Well, the answer to this question is that if you don’t have any W-2 employees in your business, then you can apply for the loan based on your net income displayed on your Schedule C (Profit or loss from business) form.
The amount that you can apply for is the same which is 2.5x of your net income with the cap of $100,000. This means that the maximum loan that you can apply for is $100,000 x 2.5 = $250,000.
8. What are the repayment terms of PPP?
The repayment starts after 6 months from the date the loan is received. Full loan payments along with the interest are to be paid within 2 years.

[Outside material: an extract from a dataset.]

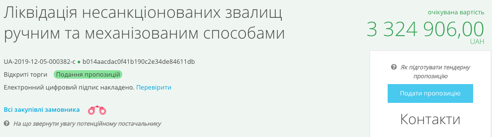 Согласно данным ресурса, 5 декабря 2019 года администрация Центрального района Николаева объявила тендер на уборку стихийных свалок ручным и механизированным способами с ожидаемой стоимостью в 3 миллиона 324 тысяч 906 гривен.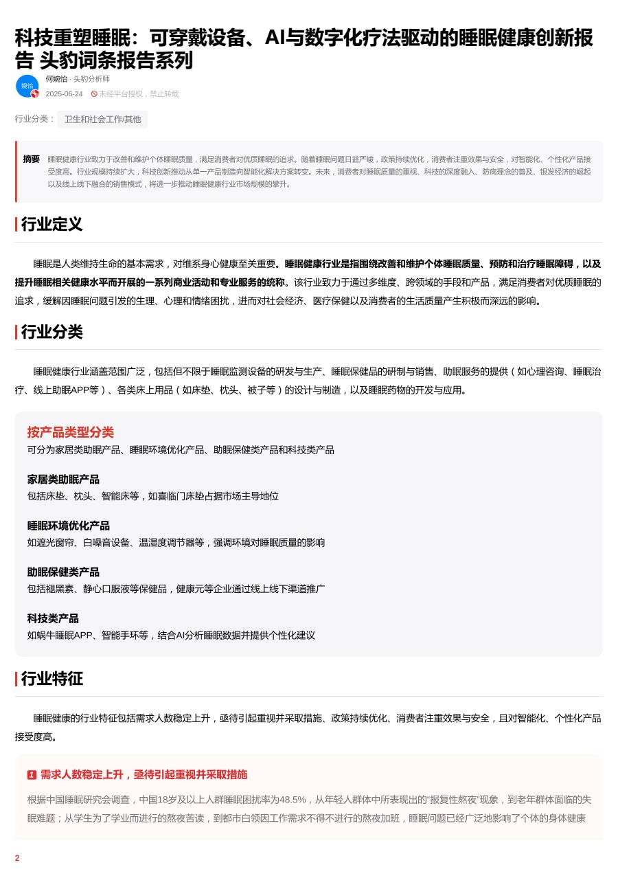 【19204E】【头豹研究院】头豹研究院科技重塑睡眠:可穿戴设备、AI与数字化疗法驱动的睡眠健康创新报告 头豹词条报告系列 1周前 7月 5 预览结束,本文件为PDF文档,一共17页,请购买后,下载查看 资源下载下载价格59 H币VIP免费升级VIP立即购买下载或充值问题请将订单号发送到:2907878669@qq.com ,我们会在24小时内为您处理 医疗保健

The interest rate on the PPP loans is capped at 4%. That’s of course if the loan isn’t forgiven.
9. How can PPP loans be forgiven?
For forgiveness of the PPP loan, the business must ensure that the loan (at least 75% of the loan amount) is utilized in funding the payroll (of the employees not earning more than $100,000). Second, the business should not lay off any of its employees or lower their payroll within the 8-weeks period.
If they did lay off, to ensure forgiveness, they can rehire. This does not need to be the same person though which means that SBA is just interested in the headcount.
If due to the dire situation, a business has to let go of any of their employees or reduce their salaries and benefits, their forgiveness amount will be shrunk accordingly.
While the PPP is there to help businesses in these unprecedented times, there’s a catch. And that’s the loans are granted on a first-come-first-serve basis. So if you haven’t yet applied for the loan, I’d advise you to do so ASAP because you never know when this opportunity runs out.